From 329df11989dba7a167041ac851c83e38fd06af78 Mon Sep 17 00:00:00 2001
From: Ettore Di Giacinto <mudler@localai.io>
Date: Sun, 12 Apr 2026 15:14:42 +0000
Subject: [PATCH] fix(vllm): build from source on CI to avoid SIGILL on
 prebuilt wheel
MIME-Version: 1.0
Content-Type: text/plain; charset=UTF-8
Content-Transfer-Encoding: 8bit

The prebuilt vllm 0.14.1+cpu wheel from GitHub releases is compiled with
SIMD instructions (AVX-512 VNNI/BF16 or AMX-BF16) that not every CPU
supports. GitHub Actions ubuntu-latest runners SIGILL when vllm spawns
the model_executor.models.registry subprocess for introspection, so
LoadModel never reaches the actual inference path.

- install.sh: when FROM_SOURCE=true on a CPU build, temporarily hide
  requirements-cpu-after.txt so installRequirements installs the base
  deps + torch CPU without pulling the prebuilt wheel, then clone vllm
  and compile it with VLLM_TARGET_DEVICE=cpu. The resulting binaries
  target the host's actual CPU.
- backend/Dockerfile.python: accept a FROM_SOURCE build-arg and expose
  it as an ENV so install.sh sees it during `make`.
- Makefile docker-build-backend: forward FROM_SOURCE as --build-arg
  when set, so backends that need source builds can opt in.
- Makefile test-extra-backend-vllm: call docker-build-vllm via a
  recursive $(MAKE) invocation so FROM_SOURCE flows through.
- .github/workflows/test-extra.yml: set FROM_SOURCE=true on the
  tests-vllm-grpc job.

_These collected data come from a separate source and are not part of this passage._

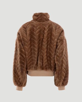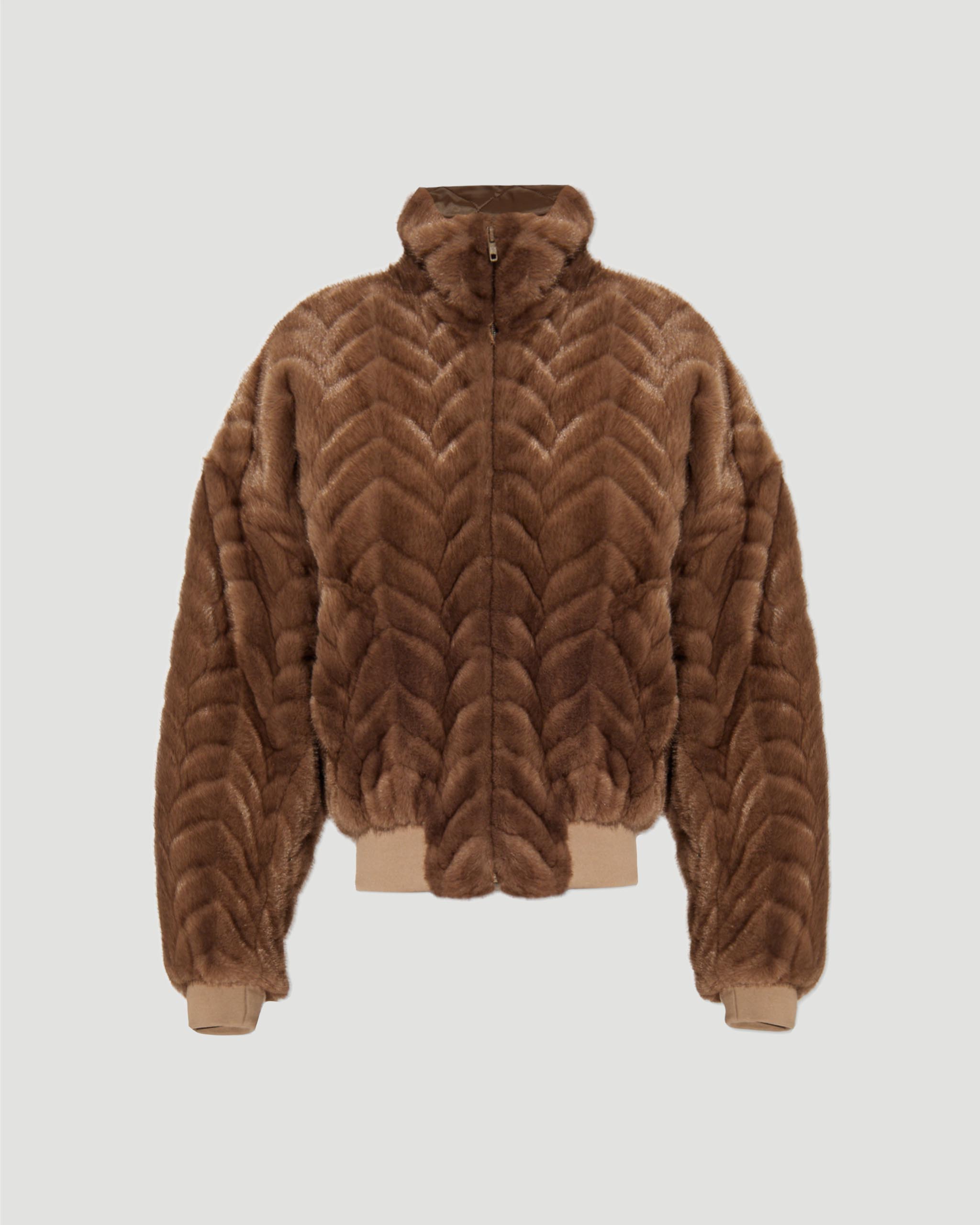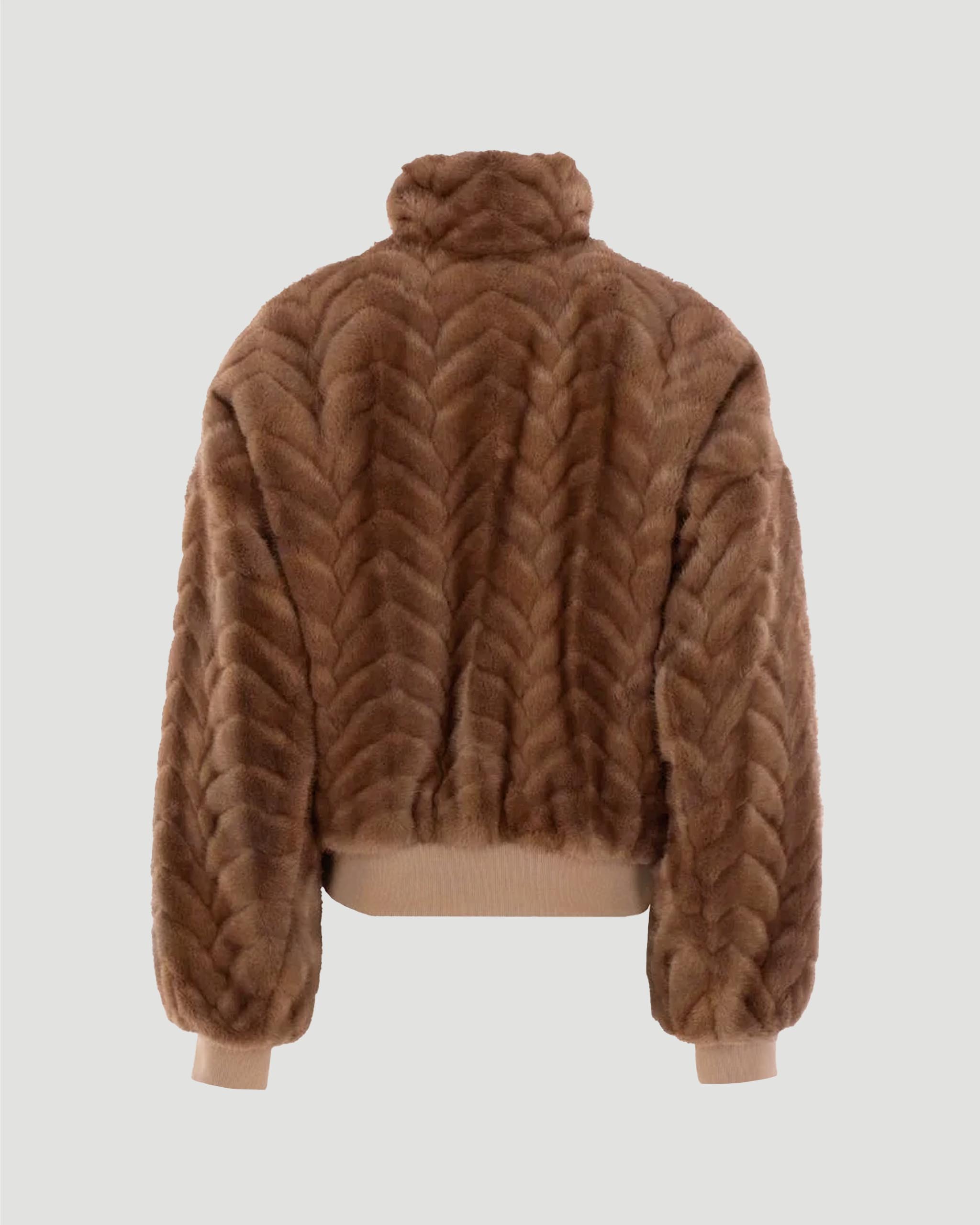 This Balenciaga cropped jacket is made from recycled polyester with animal-free fur. It features a high collar, rounded sleeves, two front slash pockets, a zipped closure, and ribbed trims.
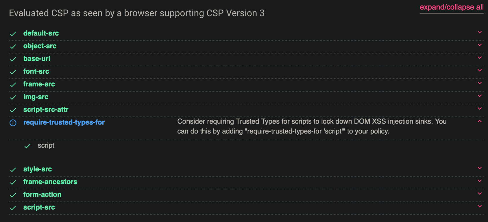 Du testar din Content Security Policy genom att använda exempelvis Googles CSP Evaluator. Försök alltid att göra din policy så strikt som möjligt. En strikt CSP ska ge följande resultat:
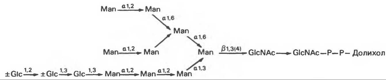 Другим продуктом олигосахарид-трансферазной реакции является долихол-Р—Р, который затем превращается в долихол-Р под действием Фосфатазы. Долихол-Р может вновь служить акцептором для синтеза следующей молекулы олигосахарид- Р—Р-долихола.
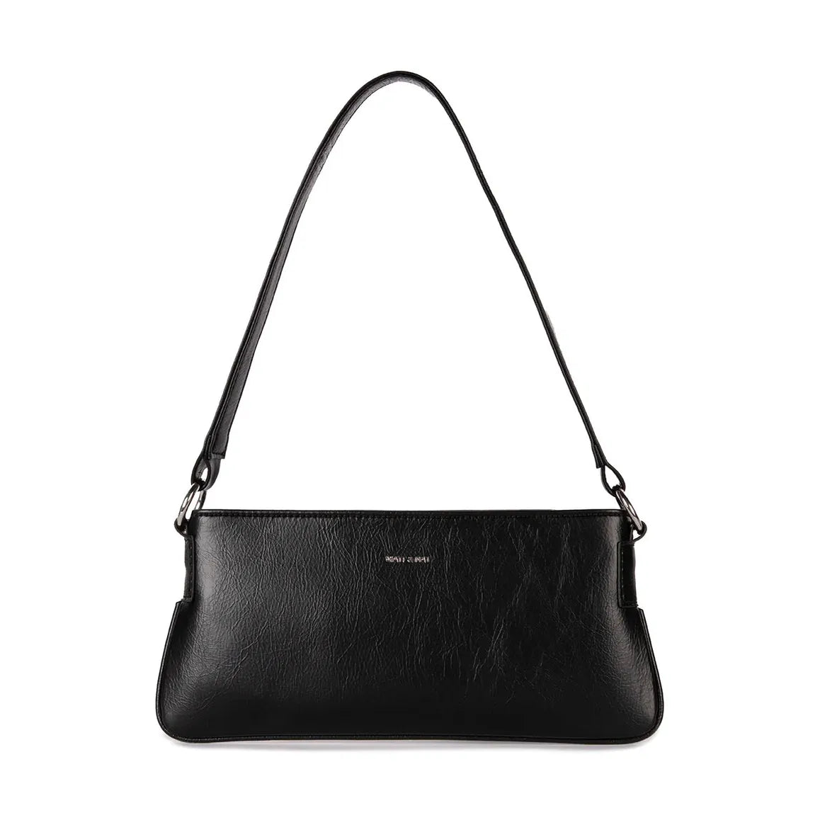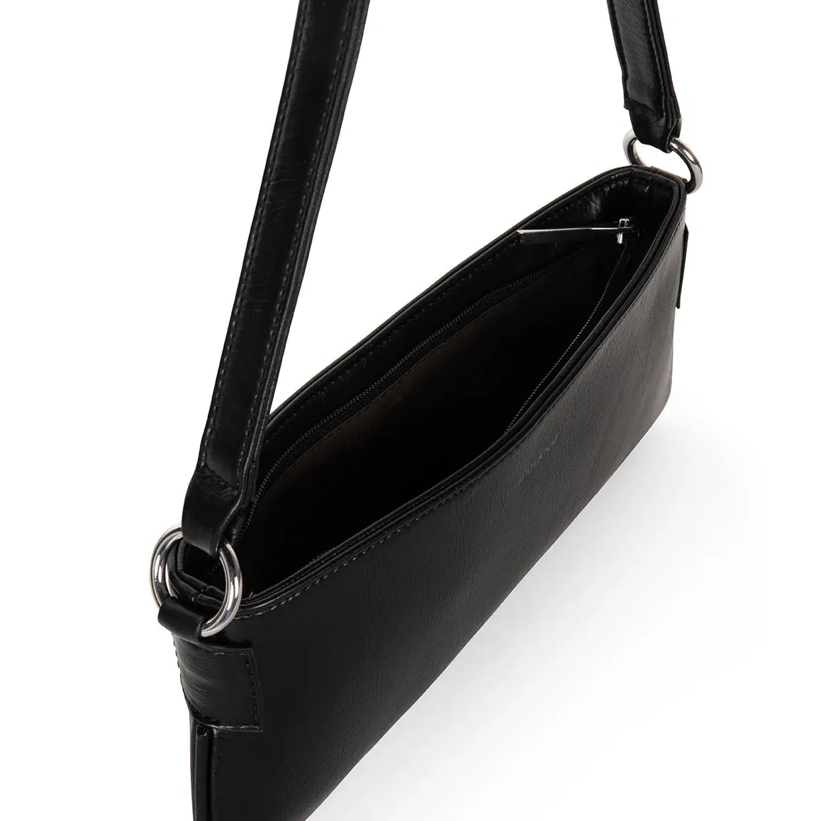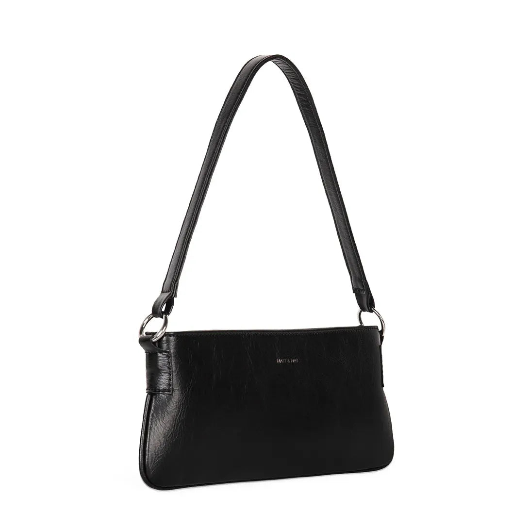 A minimalist slim shoulder bag with a top zipper closure.

Slower but reliable — the prebuilt wheel only
  works on hosts that share the build-time SIMD baseline.

Answers 'did you test locally?': yes, end-to-end on my local machine
with the prebuilt wheel (CPU supports AVX-512 VNNI). The CI runner CPU
gap was not covered locally — this commit plugs that gap.
---
 .github/workflows/test-extra.yml |  6 ++++
 Makefile                         |  7 ++++-
 backend/Dockerfile.python        |  5 ++++
 backend/python/vllm/install.sh   | 47 ++++++++++++++++++++++----------
 4 files changed, 49 insertions(+), 16 deletions(-)

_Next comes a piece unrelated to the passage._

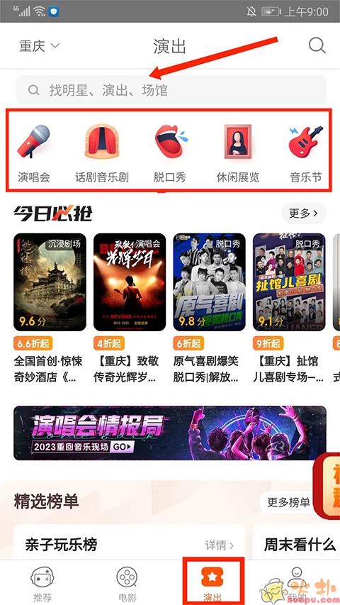 6.进入【演出界面】,包括【演唱会】、【话剧音乐剧】、【脱口秀】、【休闲展览】、【音乐节】等演出类型,也可以在上方【搜索框】查找明星、演出以及场馆,
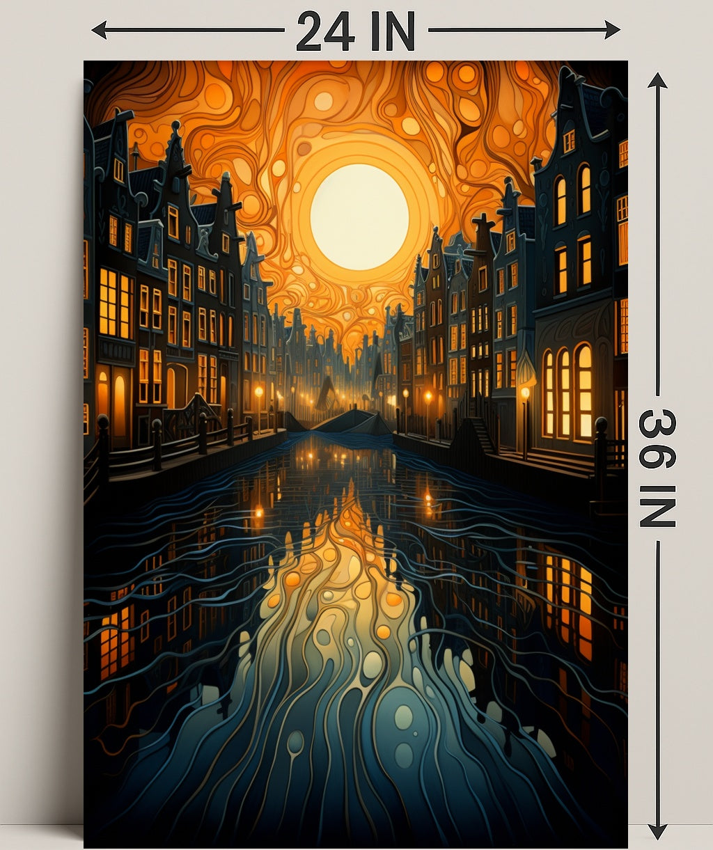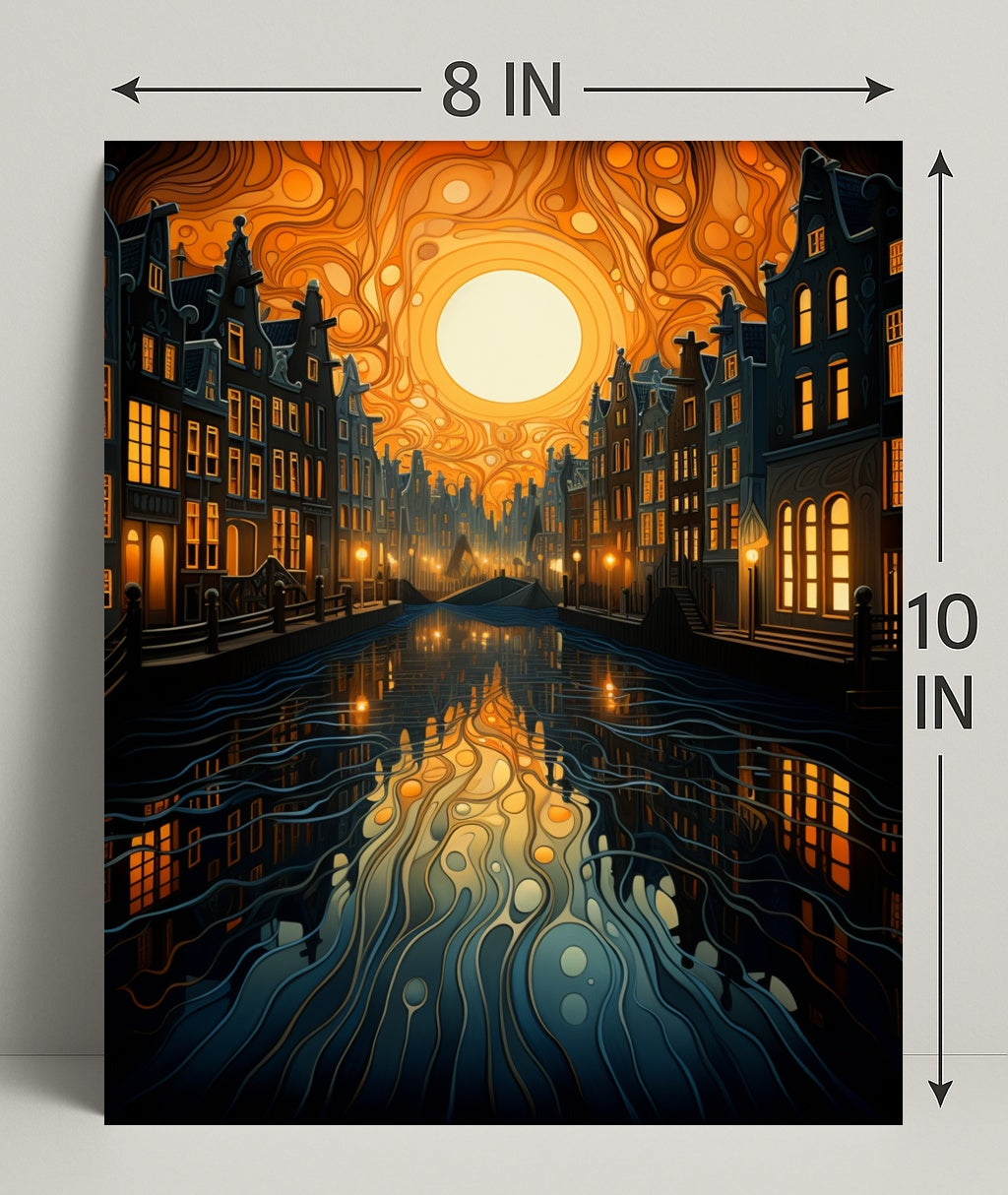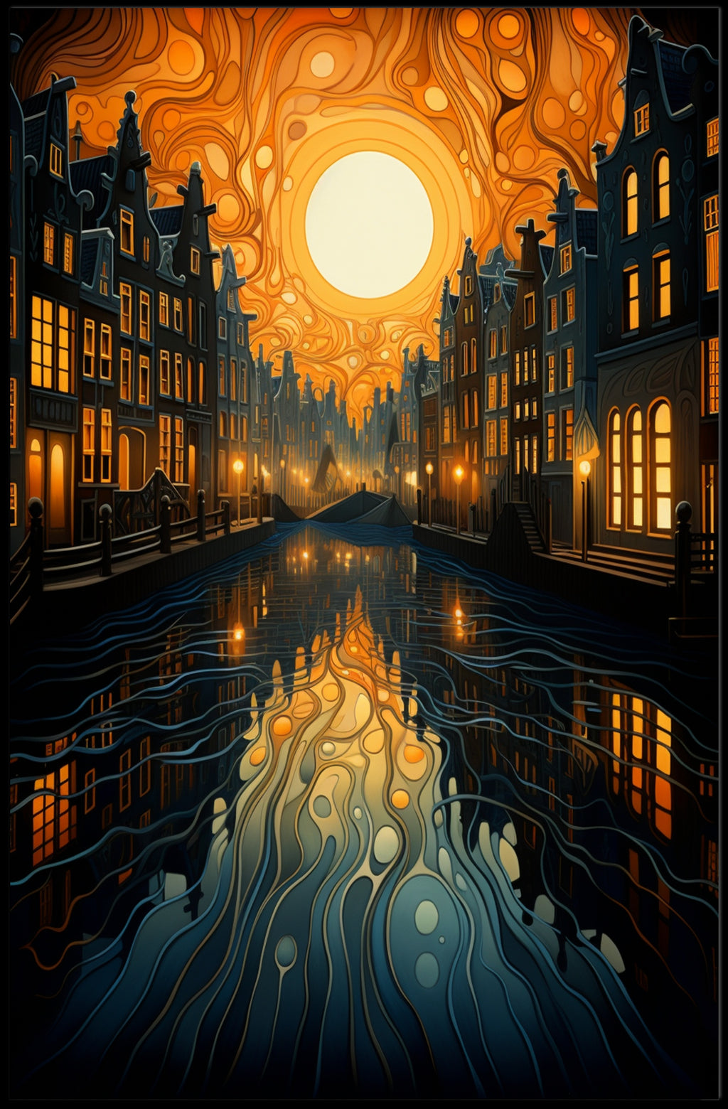 Captivating composition: A bold, circular sun crowns a narrow canal lined with historic gabled buildings, while swirling patterns and rippling water create a hypnotic reflection that draws the eye inward.

diff --git a/.github/workflows/test-extra.yml b/.github/workflows/test-extra.yml
index b6c72b1a7..a9f10e3fc 100644
--- a/.github/workflows/test-extra.yml
+++ b/.github/workflows/test-extra.yml
@@ -521,6 +521,12 @@ jobs:
           sudo rm -rf /usr/share/dotnet /opt/ghc /usr/local/lib/android /opt/hostedtoolcache/CodeQL || true
           df -h
       - name: Build vllm (cpu) backend image and run gRPC e2e tests
+        env:
+          # GitHub Actions runners don't all support the SIMD instructions
+          # the prebuilt vllm CPU wheel was compiled against (SIGILL in
+          # vllm.model_executor.models.registry on import). Build vllm from
+          # source so it targets the actual CI CPU.

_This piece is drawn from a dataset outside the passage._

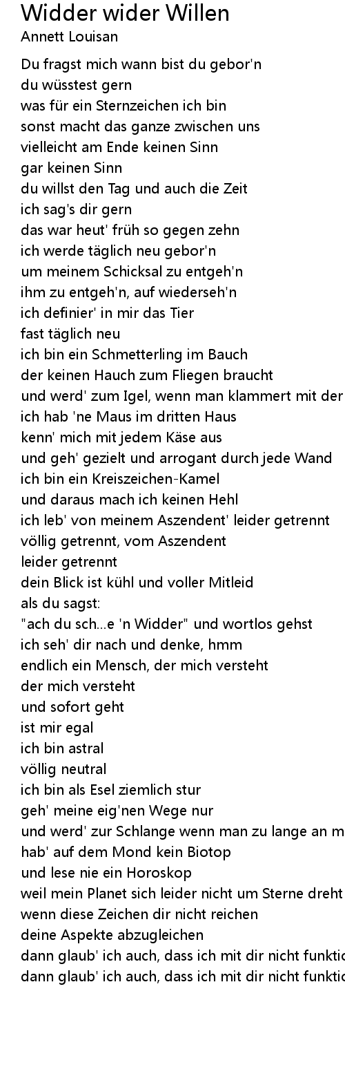 | " ach du sch... e ' n Widder" und wortlos gehst | |

+          FROM_SOURCE: "true"
         run: |
           make test-extra-backend-vllm
   tests-acestep-cpp:
diff --git a/Makefile b/Makefile
index 7f61666f5..4464a9774 100644
--- a/Makefile
+++ b/Makefile
@@ -509,7 +509,11 @@ test-extra-backend-ik-llama-cpp: docker-build-ik-llama-cpp
 
 ## vllm is resolved from a HuggingFace model id (no file download) and
 ## exercises Predict + streaming + tool-call extraction via the hermes parser.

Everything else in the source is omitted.